++++ TASK INPUTS ++++

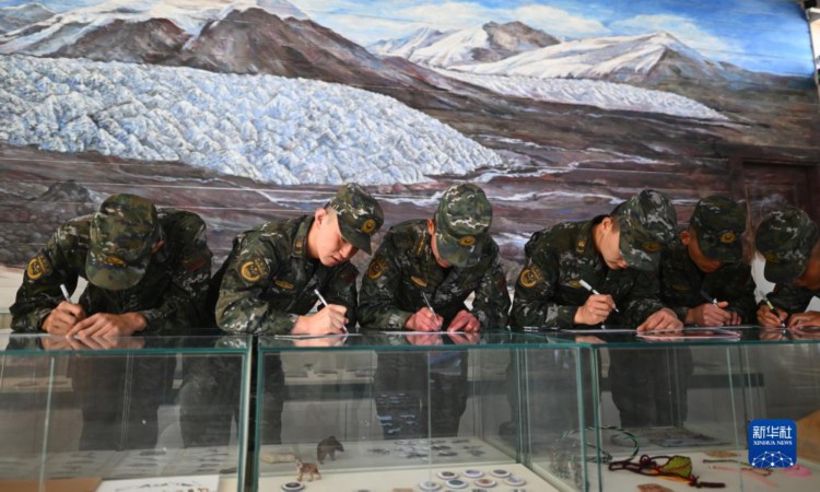 6月4日,武警青海总队海西支队官兵在“长江1号”邮局内写明信片,为家人送去来自长江源头的祝福。 当日,在青海省海西蒙古族藏族自治州格尔木市唐古拉山镇,武警青海总队海西支队官兵在长江源沱沱河开展“守卫长江源”主题党日活动。 新华社记者 张宏祥 摄 |
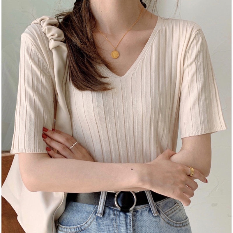 Summer Ice Silk Top Ladies Knitwear Women Korean Style Thin Loose Solid
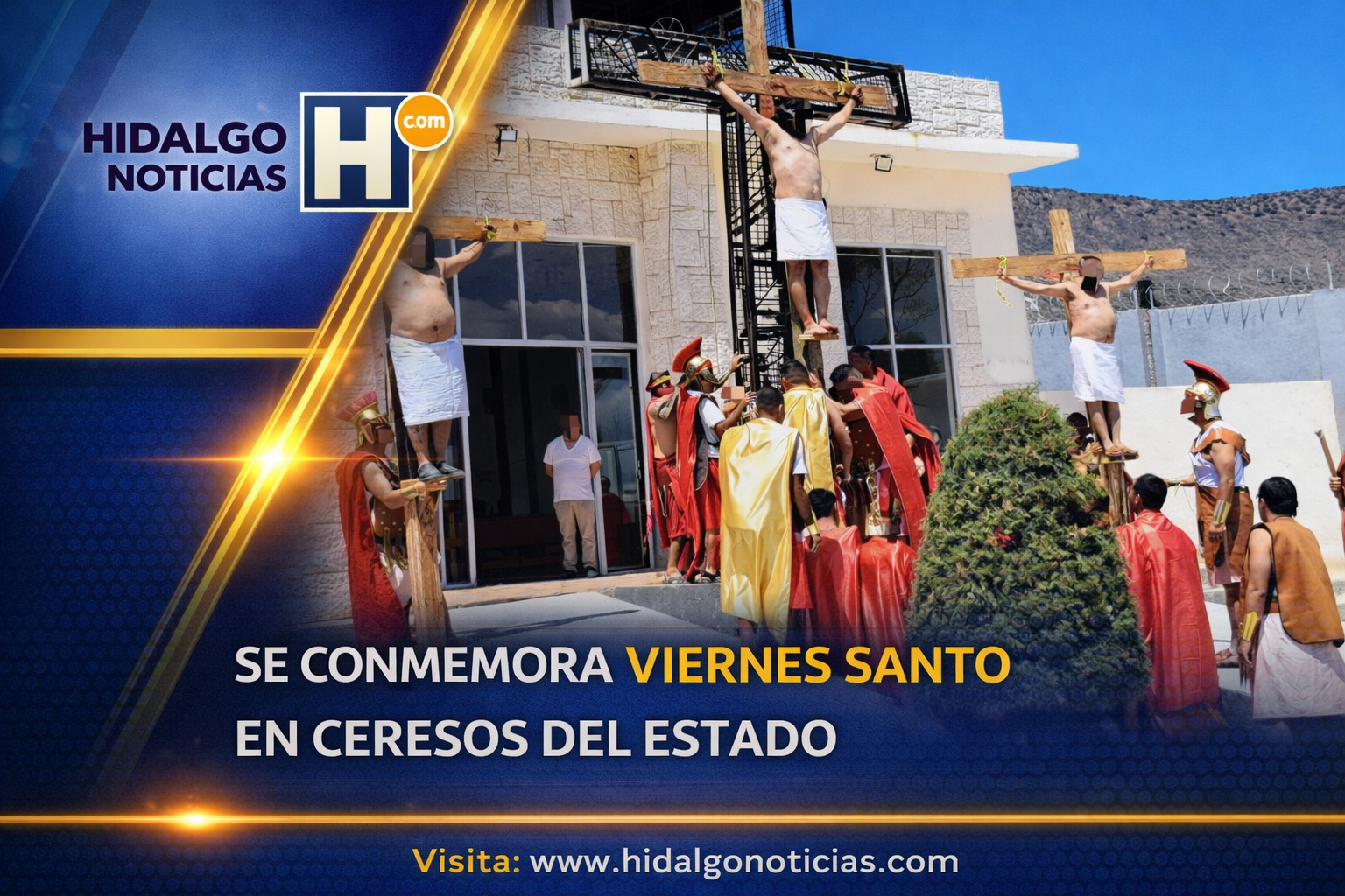 Pachuca, Hidalgo, abril de 2026.— Como parte de las actividades correspondientes a la Semana Santa 2026, personas privadas de la libertad en 12 Centros de Reinserción Social (Ceresos) del estado, así como en un Centro de Internamiento para Adolescentes, conmemoraron el Viernes Santo mediante la representación del viacrucis.
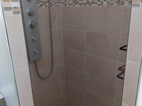 Cuisine d'été avec plancha, frigidaire américain, lave vaisselle, plaque de cuisson, micro-ondes etc.
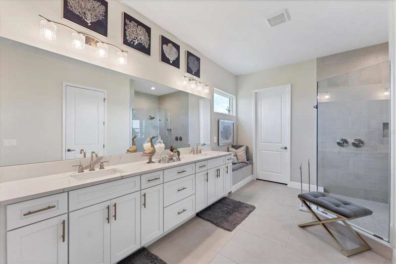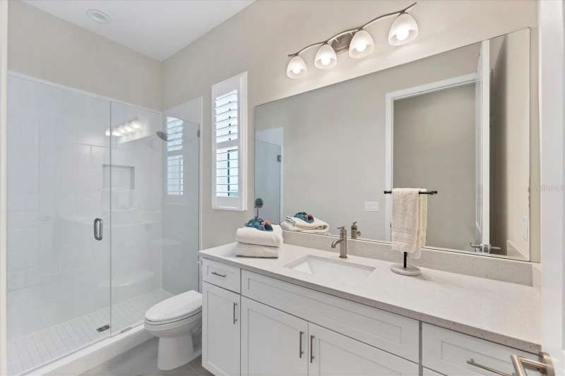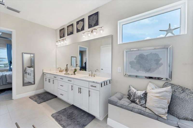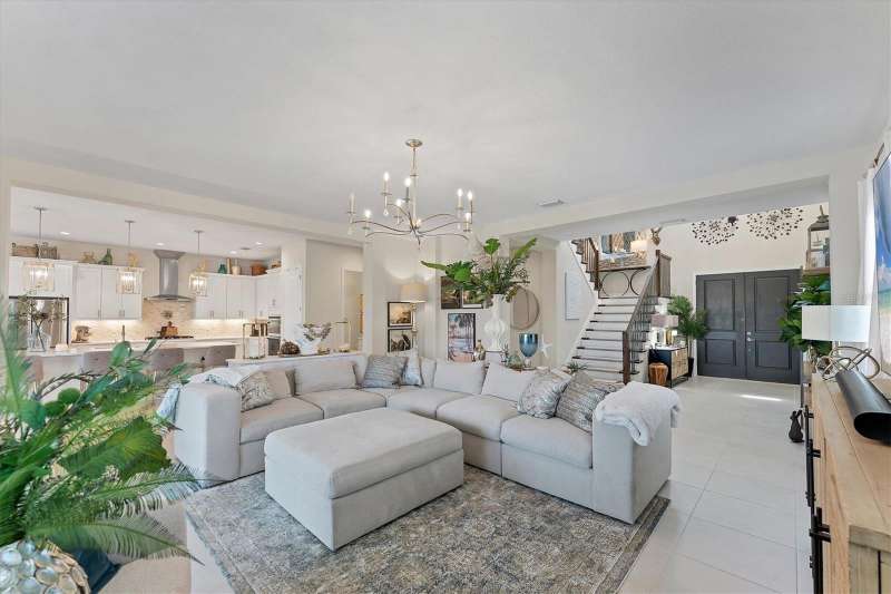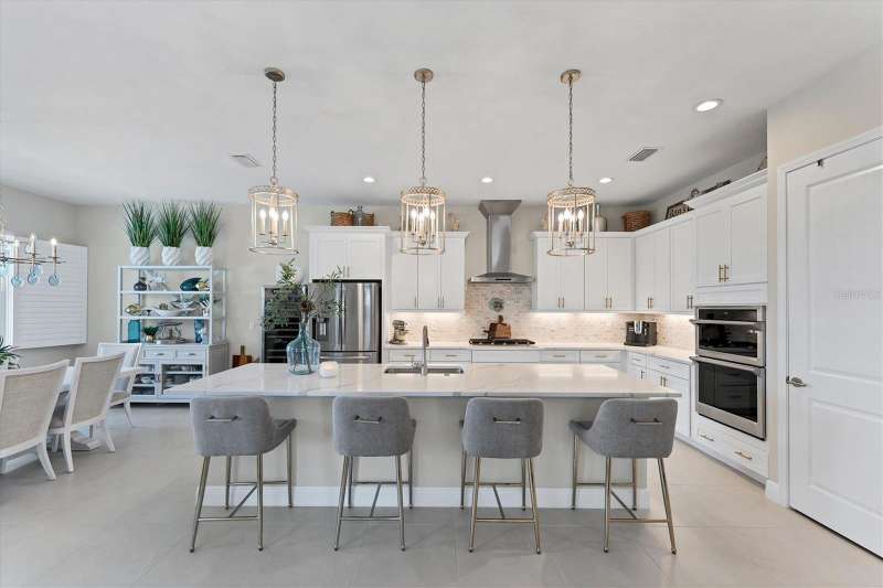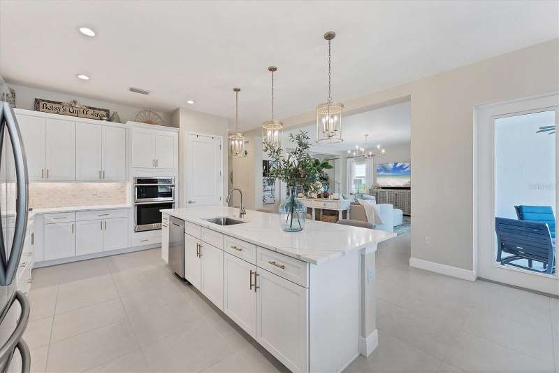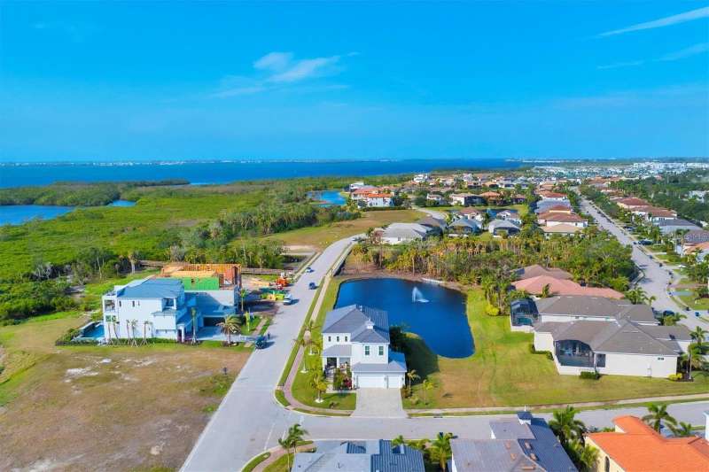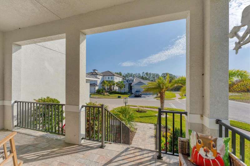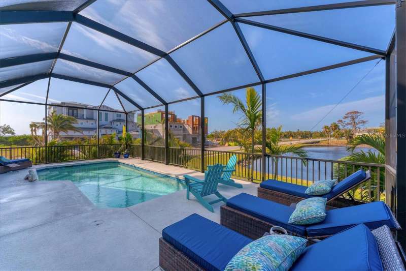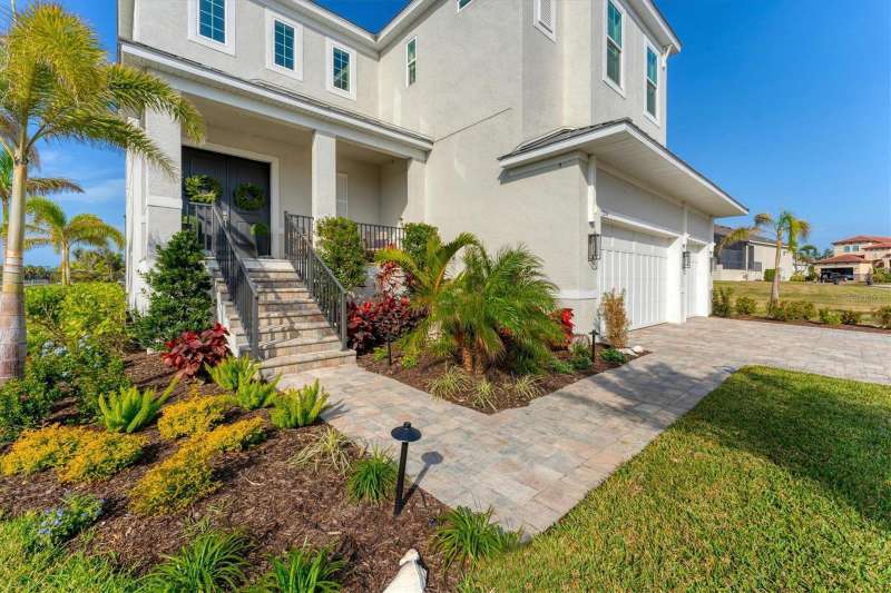 Under contract-accepting backup offers. This stunning two-story waterfront residence perfectly blends modern luxury with coastal tranquility. Built in 2022 and located in the coveted, maintenance-free gated community of Legends Bay, it boasts five bedrooms, four bathrooms, and an expansive 3,848 square feet of living space. What sets this home apart from others is - a GENERAC WHOLE HOUSE GENERATOR, POOL BATHROOM, VACANT LOT NEXT DOOR THAT CANT BE BUILT ON (YOU BENEFIT FROM THE PRIVACY AND SPACE), A DOG RUN JUST OFF THE POOL AREA (EASY FOR PET AND YOU!), CUSTOM PLANTATION BLINDS, TOP-OF-THE-LINE LIGHTING, $10,000 of UPPER/LOWER STORAGE SYSTEMS IN GARAGE, NEW LAUNDRY SINK, FPL LEVEL 2 EV CAR CHARGER, $30,000 in ENHANCED LANDSCAPING, CUSTOM LIGHTS AROUND POOL AND NEW FANS ON BALONY & PATIO. Designed with both style and functionality in mind, it features all-impact glass for peace of mind and efficiency. At the heart of this home lies the spacious great room with high ceilings and an abundance of natural light, creating a bright and inviting ambiance. Sliding doors open to the screened patio, enhancing the flow between indoor and outdoor living. Outdoors is a true retreat complete with a sparkling pool, generous covered seating area, and peaceful lake views, offering the perfect space for relaxation and entertainment. The kitchen is a chef’s dream featuring a large island with seating for four, sleek tile backsplash, stainless steel appliances, and a statement range hood. Upstairs, a versatile loft area can be a great bonus/game room leads to a screened balcony offering captivating views of the lake and Sarasota Bay. Two en-suite bedrooms provide privacy and comfort, while the generous primary suite is a true sanctuary, featuring a spa-like bath with dual vanities and a glass-framed walk-in shower. , custom lights around the pool, and new fans on both the balcony and patio. SOME FURNITURE IS AVAILABLE. Located less than three miles from IMG Academy and just a golf cart ride from IMG Golf Club, this exceptional home is perfectly positioned to enjoy the best of Sarasota’s lifestyle, with its blend of luxury, comfort, and proximity to world-class beaches, dining, and cultural attractions.

++++

Word for word, print the material above, but without its pictures.

> [COMPLETED EXERCISE]:
 6月4日,武警青海总队海西支队官兵在“长江1号”邮局内写明信片,为家人送去来自长江源头的祝福。 当日,在青海省海西蒙古族藏族自治州格尔木市唐古拉山镇,武警青海总队海西支队官兵在长江源沱沱河开展“守卫长江源”主题党日活动。 新华社记者 张宏祥 摄 |
 Summer Ice Silk Top Ladies Knitwear Women Korean Style Thin Loose Solid
 Pachuca, Hidalgo, abril de 2026.— Como parte de las actividades correspondientes a la Semana Santa 2026, personas privadas de la libertad en 12 Centros de Reinserción Social (Ceresos) del estado, así como en un Centro de Internamiento para Adolescentes, conmemoraron el Viernes Santo mediante la representación del viacrucis.
 Cuisine d'été avec plancha, frigidaire américain, lave vaisselle, plaque de cuisson, micro-ondes etc.
 Under contract-accepting backup offers. This stunning two-story waterfront residence perfectly blends modern luxury with coastal tranquility. Built in 2022 and located in the coveted, maintenance-free gated community of Legends Bay, it boasts five bedrooms, four bathrooms, and an expansive 3,848 square feet of living space. What sets this home apart from others is - a GENERAC WHOLE HOUSE GENERATOR, POOL BATHROOM, VACANT LOT NEXT DOOR THAT CANT BE BUILT ON (YOU BENEFIT FROM THE PRIVACY AND SPACE), A DOG RUN JUST OFF THE POOL AREA (EASY FOR PET AND YOU!), CUSTOM PLANTATION BLINDS, TOP-OF-THE-LINE LIGHTING, $10,000 of UPPER/LOWER STORAGE SYSTEMS IN GARAGE, NEW LAUNDRY SINK, FPL LEVEL 2 EV CAR CHARGER, $30,000 in ENHANCED LANDSCAPING, CUSTOM LIGHTS AROUND POOL AND NEW FANS ON BALONY & PATIO. Designed with both style and functionality in mind, it features all-impact glass for peace of mind and efficiency. At the heart of this home lies the spacious great room with high ceilings and an abundance of natural light, creating a bright and inviting ambiance. Sliding doors open to the screened patio, enhancing the flow between indoor and outdoor living. Outdoors is a true retreat complete with a sparkling pool, generous covered seating area, and peaceful lake views, offering the perfect space for relaxation and entertainment. The kitchen is a chef’s dream featuring a large island with seating for four, sleek tile backsplash, stainless steel appliances, and a statement range hood. Upstairs, a versatile loft area can be a great bonus/game room leads to a screened balcony offering captivating views of the lake and Sarasota Bay. Two en-suite bedrooms provide privacy and comfort, while the generous primary suite is a true sanctuary, featuring a spa-like bath with dual vanities and a glass-framed walk-in shower. , custom lights around the pool, and new fans on both the balcony and patio. SOME FURNITURE IS AVAILABLE. Located less than three miles from IMG Academy and just a golf cart ride from IMG Golf Club, this exceptional home is perfectly positioned to enjoy the best of Sarasota’s lifestyle, with its blend of luxury, comfort, and proximity to world-class beaches, dining, and cultural attractions.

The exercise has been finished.